**Directions for this task:** The reply must repeat the listing below exactly and carry none of its pictures.

**Dataset extract:**
§ §

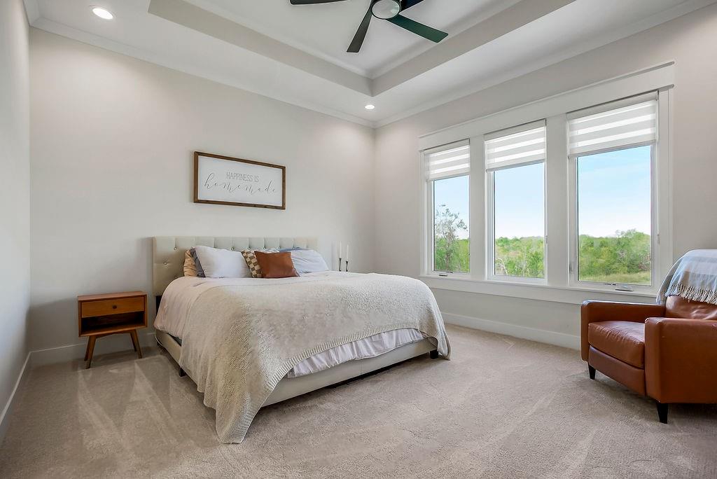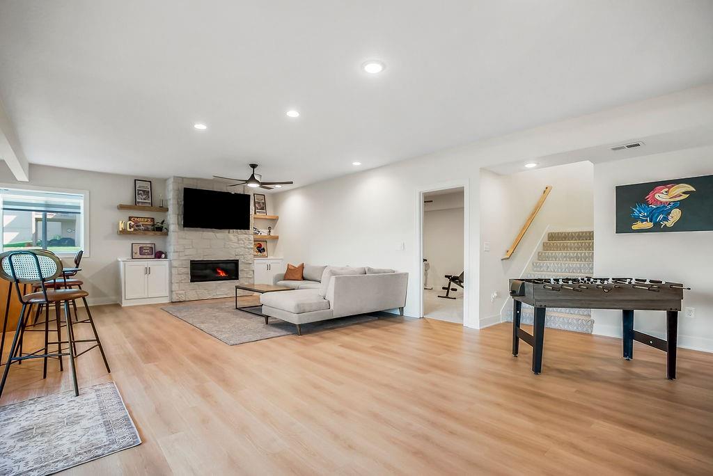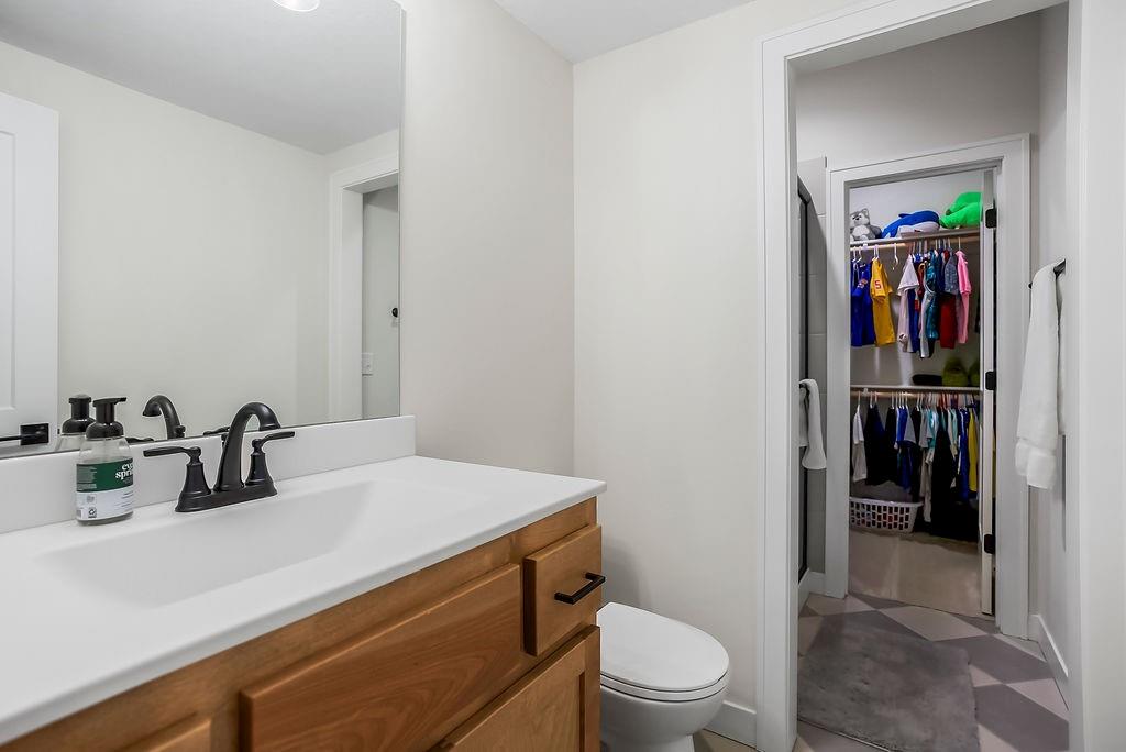 Why wait to build? This better-than-new 4-bedroom, 4-bathroom reverse 1.5 story home is perfectly situated on a quiet cul-de-sac lot with beautiful lake views, a 3 car garage and high-end upgrades throughout. Step inside to a bright, wide-open main floor filled with natural light, custom Hunter Douglas zebra shades, and a seamless flow from the spacious great room with fireplace to the chef-inspired kitchen. The kitchen boasts a large center island, quartz countertops, walk-in pantry, and abundant cabinetry—perfect for entertaining or everyday living. Just off the kitchen, you'll find a laundry room with built-ins and a utility sink for added convenience. A mudroom off the garage adds both function and style. Enjoy peaceful lake views from the covered, screened-in porch, accessible from both the kitchen and the primary suite. The luxurious primary retreat features a spa-like ensuite with a soaker tub, walk-in shower with 2 shower heads, and two large walk-in closets. Head downstairs to the fully finished walk-out basement, where you’ll find a wet bar with granite countertops, a spacious recreation room, and a bonus room currently used as a home gym. Step outside to a large patio and fully fenced backyard, ideal for relaxing, entertaining, or play. This home truly has it all—premium finishes, custom touches, lake views, and a prime location on a quiet cul-de-sac. Move right in and enjoy the lifestyle you’ve been waiting for!
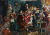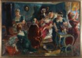 Scene from a maternity ward. Signed Ludvig Jacobsen. Oil on canvas. 75×106 cm.
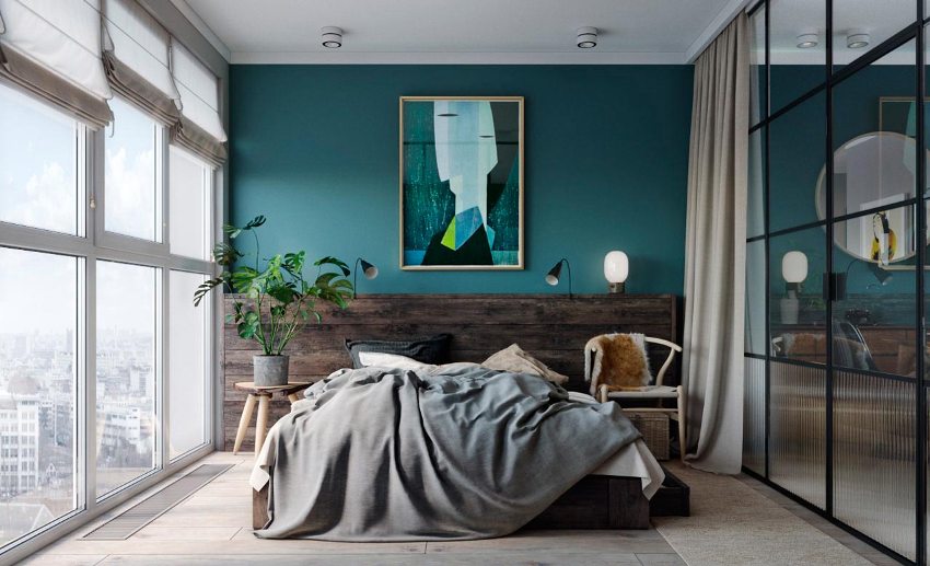 Если помещение находится с северной стороны, лучше оформить его ярко-синим, или оттенком морской волны — это сделает атмосферу в комнате более теплой. Для спальни, расположенной с южной стороны, можно подобрать более темный синий цвет.

§ §

**Exercise response:**
 Why wait to build? This better-than-new 4-bedroom, 4-bathroom reverse 1.5 story home is perfectly situated on a quiet cul-de-sac lot with beautiful lake views, a 3 car garage and high-end upgrades throughout. Step inside to a bright, wide-open main floor filled with natural light, custom Hunter Douglas zebra shades, and a seamless flow from the spacious great room with fireplace to the chef-inspired kitchen. The kitchen boasts a large center island, quartz countertops, walk-in pantry, and abundant cabinetry—perfect for entertaining or everyday living. Just off the kitchen, you'll find a laundry room with built-ins and a utility sink for added convenience. A mudroom off the garage adds both function and style. Enjoy peaceful lake views from the covered, screened-in porch, accessible from both the kitchen and the primary suite. The luxurious primary retreat features a spa-like ensuite with a soaker tub, walk-in shower with 2 shower heads, and two large walk-in closets. Head downstairs to the fully finished walk-out basement, where you’ll find a wet bar with granite countertops, a spacious recreation room, and a bonus room currently used as a home gym. Step outside to a large patio and fully fenced backyard, ideal for relaxing, entertaining, or play. This home truly has it all—premium finishes, custom touches, lake views, and a prime location on a quiet cul-de-sac. Move right in and enjoy the lifestyle you’ve been waiting for!
 Scene from a maternity ward. Signed Ludvig Jacobsen. Oil on canvas. 75×106 cm.
 Если помещение находится с северной стороны, лучше оформить его ярко-синим, или оттенком морской волны — это сделает атмосферу в комнате более теплой. Для спальни, расположенной с южной стороны, можно подобрать более темный синий цвет.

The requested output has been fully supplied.